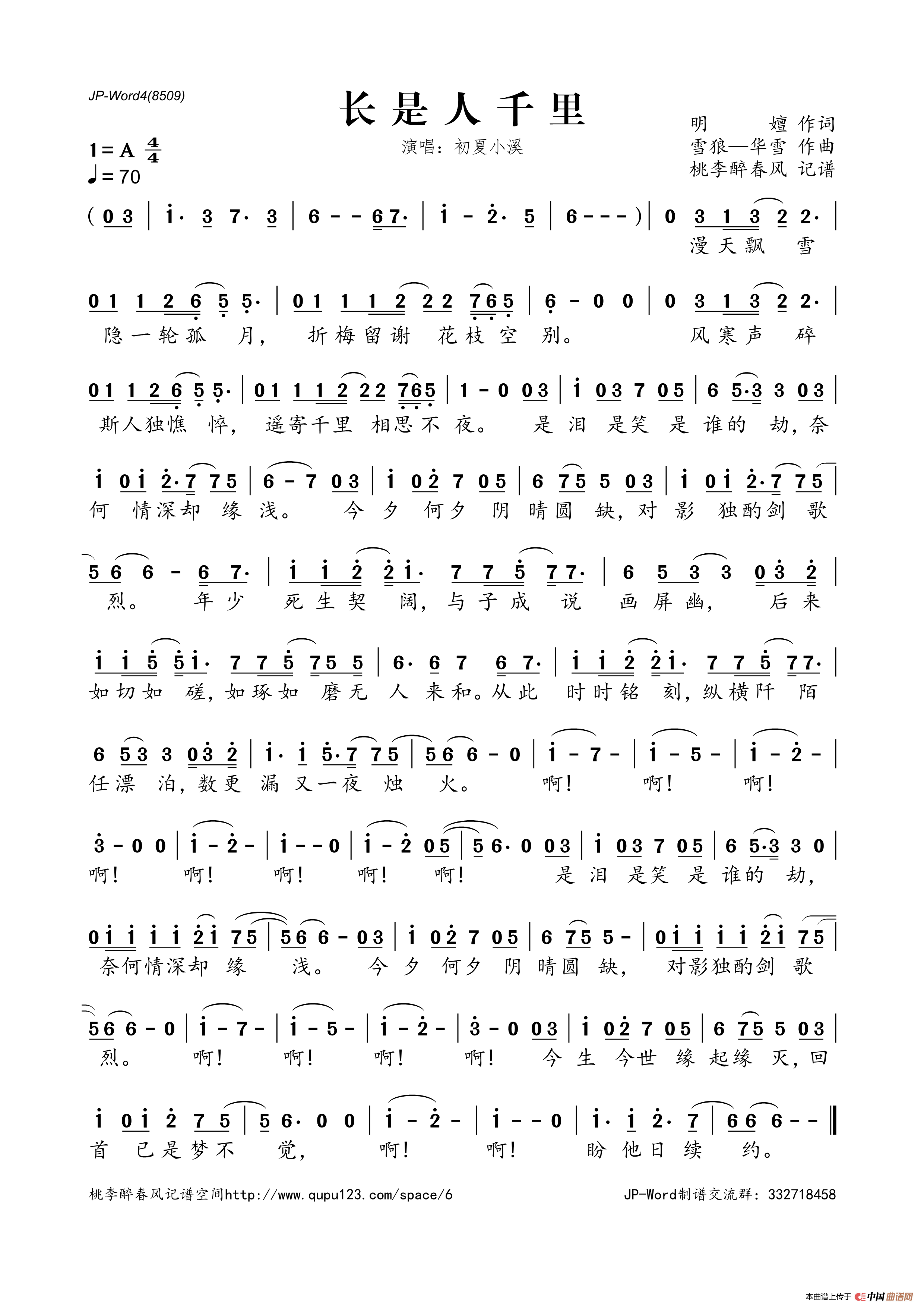 长是人千里相关五线谱
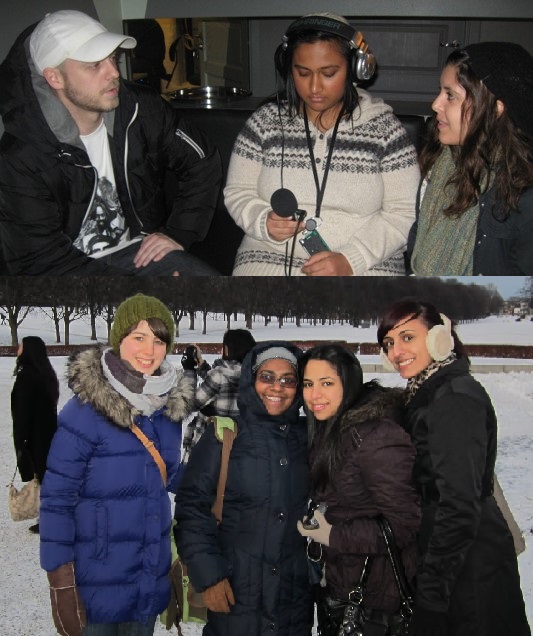 Left top: Two of the participants interviewing a Norwegian reggae artist.
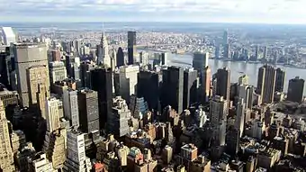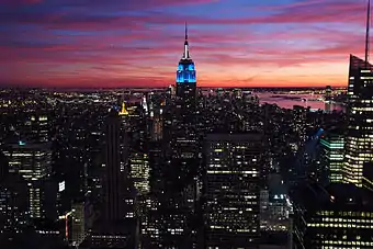نیویورک نقش برجستهای در توسعه آسمانخراشها داشتهاست. از سال ۱۸۹۰، یازده ساختمان دارنده عنوان بلندترین ساختمان جهان بودهاند.[12]
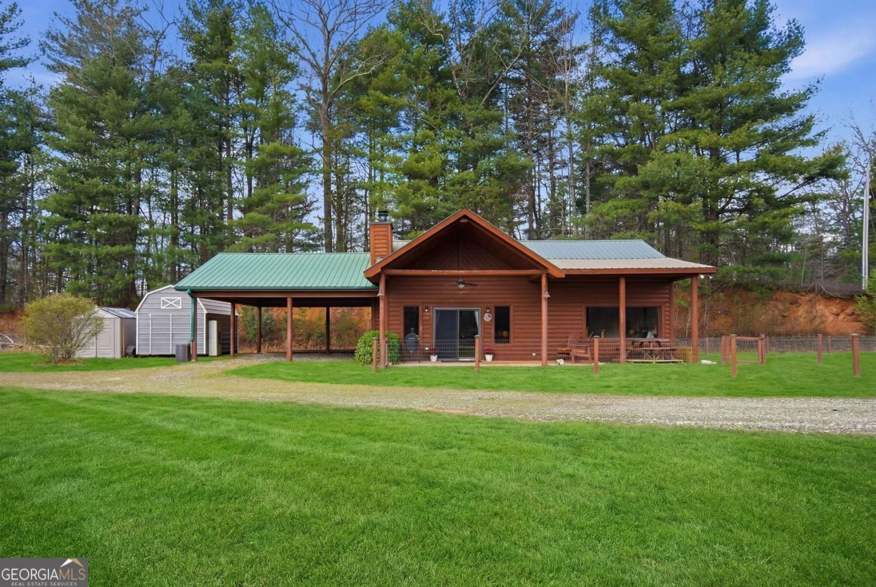 Flat Land. Mountain Views. Room for Your RV, Boat & Freedom to Breathe with No HOA. Escape to the North Georgia mountains and finally experience what buyers are searching for but rarely find... a cozy log cabin on level, usable land with mountain views and space to truly live. This inviting 2 bedroom, 1 bath cabin offers warm wood interiors, vaulted ceilings, and an easy, open layout that feels instantly relaxing. Whether you're sipping coffee on the porch or unwinding after a day on the lake, this home delivers that calm, mountain lifestyle. Step outside and it only gets better. Wide open, gentle acreage gives you room for your RV, boat, trailers, and all your outdoor gear with ease. A large carport and detached workshop add function, flexibility, and space to create your own setup. Lovingly maintained as a second home, this property is clean, simple, and move-in ready with a durable metal roof for peace of mind. Perfectly located between Blue Ridge and Blairsville, just minutes to Lake Blue Ridge, Morganton Point, hiking, dining, and everything that makes this area so desirable. If you've been waiting for a mountain property that offers peace, usability, and potential all in one... this is it!! Give me a call today to secure the peace you deserve.
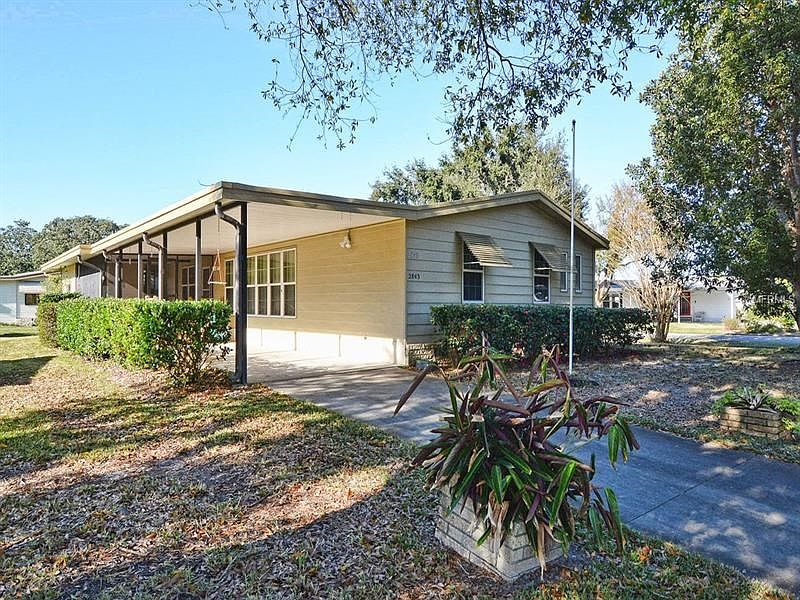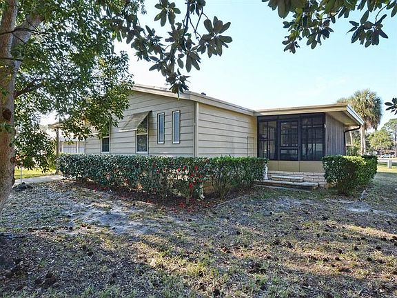 WALL OF WINDOWS make the living/dining area light and bright. Sliding doors open to Screened lanai off the dining to enjoy the evenings. Also, this 3 bedroom, 2 bath split floor plan offers a family room with decorative fireplace. From the large carport you enter the 2nd Lanai. The HVAC is 2 years old, roof replaced 2014 and the home has replacement windows.
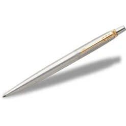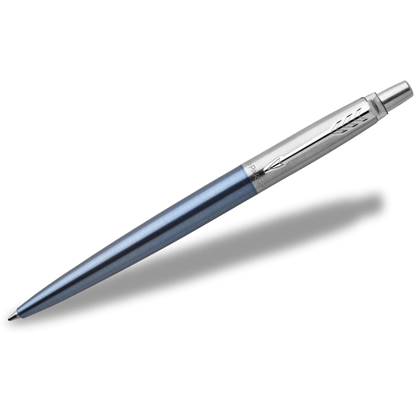 Streamlined style with clean lines for a fresh take on the iconic Parker Jotter design. Stainless steel barrel accented by high-shine trims and an arrowhead clip. Signature retractable design opens and closes with a satisfying click. Fitted with a Quickflow ballpoint refill for optimal ink flow and a smooth writing experience; blue ink; medium tip; also accepts Parker gel refills. Packaged in a distinctive Parker gift box.
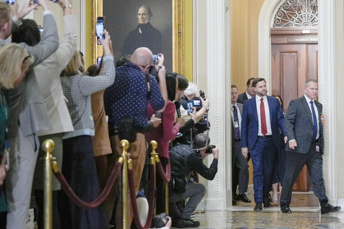 Vice President JD Vance, center, arrives Tuesday for a Senate Republican Conference luncheon at the U.S. Capitol on day 28 of the government shutdown in Washington. (AP Photo/Mariam Zuhaib)
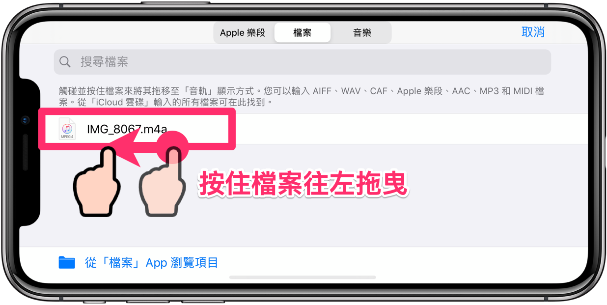 再來【點開想作為鈴聲的 M4A 檔】,然後將檔案【按著再往左拖移】,就能將音樂加到 GarageBand 錄音機的編輯區中。
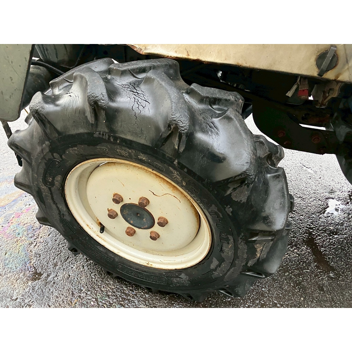 - with rotary, with canopy, no battery, without PS, cracked and worn all tires, torn rear left tire, no problem in operation, faded exterior, repainting, tractor has rust, torn seat, with front loader and bucket, condition has not been checked because fuel leaks from engine filter's air bleed hole when engine starts
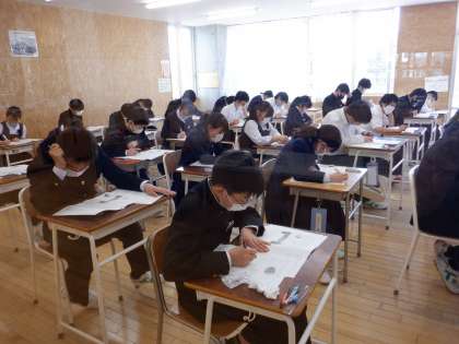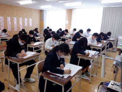 中教研学力調査2日目 その3 3年生 公開日 2022/04/12 更新日 2022/04/12 芝園の一日 4月12日(火) 1限 3年生の学力調査の様子です。 教室は、生徒の真剣な雰囲気に包まれています。
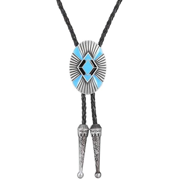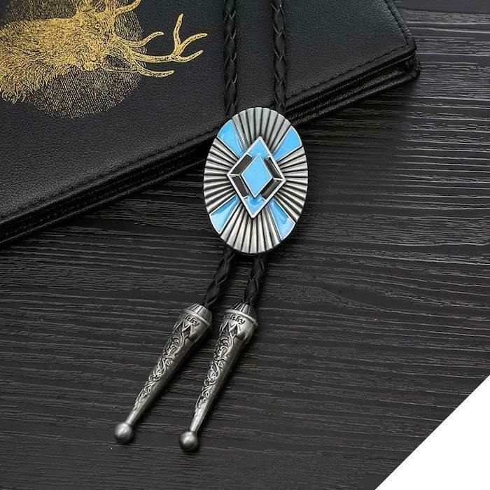 Bolo tie western slips er et karakteristisk design, der tilbyder en unik amerikansk indisk stil. Den adskiller sig med stil og elegance gennem sine graveringer og sin uforlignelige blå farve.
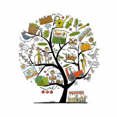 Światowy Dzień Turystyki. Koncepcja turystyki leśnej i górskiej. Camping Art drzewo dla Twojego projektu.
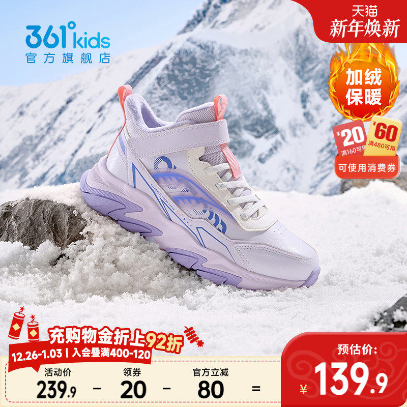 361°童鞋女童棉鞋儿童二棉鞋保暖加绒2025年冬季新款户外大童鞋
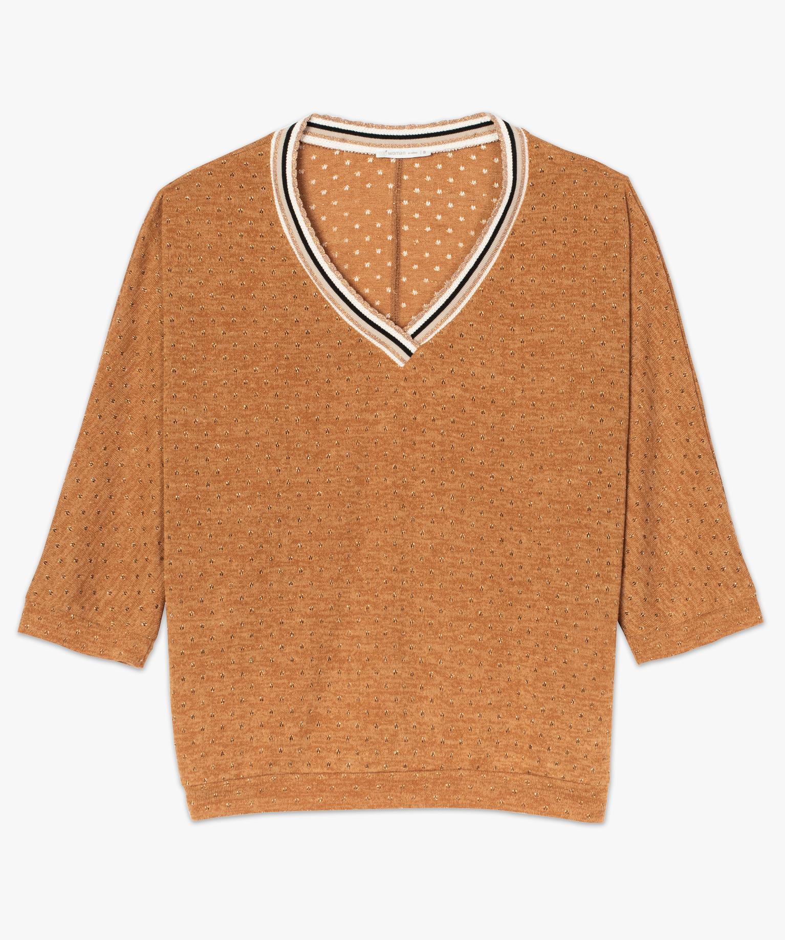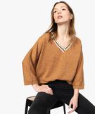 On aime ce top, entre le tee-shirt et le pull. Une belle pièce, en maille légère, au look décontracté avec ses manches chauve-souris. Ce pull femme est ajouré et souligné de fils de lurex pour une note de brillance raffinée. Le pull fin possède des manches 3/4, un grand col V avec large finition à rayures multicolores parsemé de paillettes. Le bas du pull est terminé par une bande légèrement resserrée, pour un effet blousant. Un pull pailleté idéal avec un jean slim et des ballerines.
================
_EXERCISE DIRECTIONS_
Above are some records; extract exactly the lines from the one containing "Vice President JD" through the one containing "361°童鞋女童棉鞋儿童二棉鞋保暖加绒2025年冬季新款户外大童鞋" and drop the pictures.

_RESULT BELOW_
 Vice President JD Vance, center, arrives Tuesday for a Senate Republican Conference luncheon at the U.S. Capitol on day 28 of the government shutdown in Washington. (AP Photo/Mariam Zuhaib)
 再來【點開想作為鈴聲的 M4A 檔】,然後將檔案【按著再往左拖移】,就能將音樂加到 GarageBand 錄音機的編輯區中。
 - with rotary, with canopy, no battery, without PS, cracked and worn all tires, torn rear left tire, no problem in operation, faded exterior, repainting, tractor has rust, torn seat, with front loader and bucket, condition has not been checked because fuel leaks from engine filter's air bleed hole when engine starts
 中教研学力調査2日目 その3 3年生 公開日 2022/04/12 更新日 2022/04/12 芝園の一日 4月12日(火) 1限 3年生の学力調査の様子です。 教室は、生徒の真剣な雰囲気に包まれています。
 Bolo tie western slips er et karakteristisk design, der tilbyder en unik amerikansk indisk stil. Den adskiller sig med stil og elegance gennem sine graveringer og sin uforlignelige blå farve.
 Światowy Dzień Turystyki. Koncepcja turystyki leśnej i górskiej. Camping Art drzewo dla Twojego projektu.
 361°童鞋女童棉鞋儿童二棉鞋保暖加绒2025年冬季新款户外大童鞋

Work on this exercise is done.